[Supplied material]

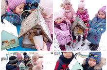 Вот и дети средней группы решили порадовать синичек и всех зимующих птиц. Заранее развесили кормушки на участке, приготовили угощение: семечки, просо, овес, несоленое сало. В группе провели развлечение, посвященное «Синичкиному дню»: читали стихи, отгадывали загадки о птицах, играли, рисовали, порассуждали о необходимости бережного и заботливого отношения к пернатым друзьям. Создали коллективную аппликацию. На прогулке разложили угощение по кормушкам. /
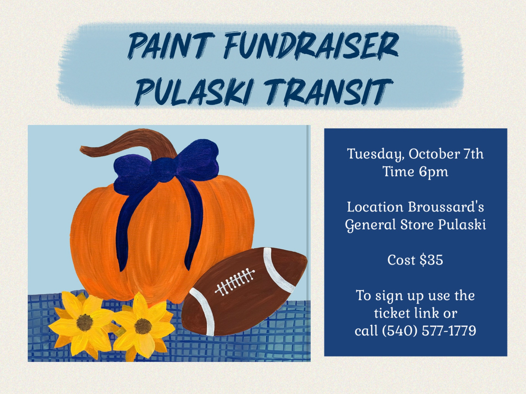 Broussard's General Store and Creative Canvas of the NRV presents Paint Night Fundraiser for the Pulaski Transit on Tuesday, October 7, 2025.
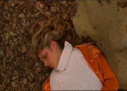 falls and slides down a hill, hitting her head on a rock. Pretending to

[/Supplied material]

Every word of the material above should be copied exactly; no pictures.

# [Answer to the problem]
 Вот и дети средней группы решили порадовать синичек и всех зимующих птиц. Заранее развесили кормушки на участке, приготовили угощение: семечки, просо, овес, несоленое сало. В группе провели развлечение, посвященное «Синичкиному дню»: читали стихи, отгадывали загадки о птицах, играли, рисовали, порассуждали о необходимости бережного и заботливого отношения к пернатым друзьям. Создали коллективную аппликацию. На прогулке разложили угощение по кормушкам. /
 Broussard's General Store and Creative Canvas of the NRV presents Paint Night Fundraiser for the Pulaski Transit on Tuesday, October 7, 2025.
 falls and slides down a hill, hitting her head on a rock. Pretending to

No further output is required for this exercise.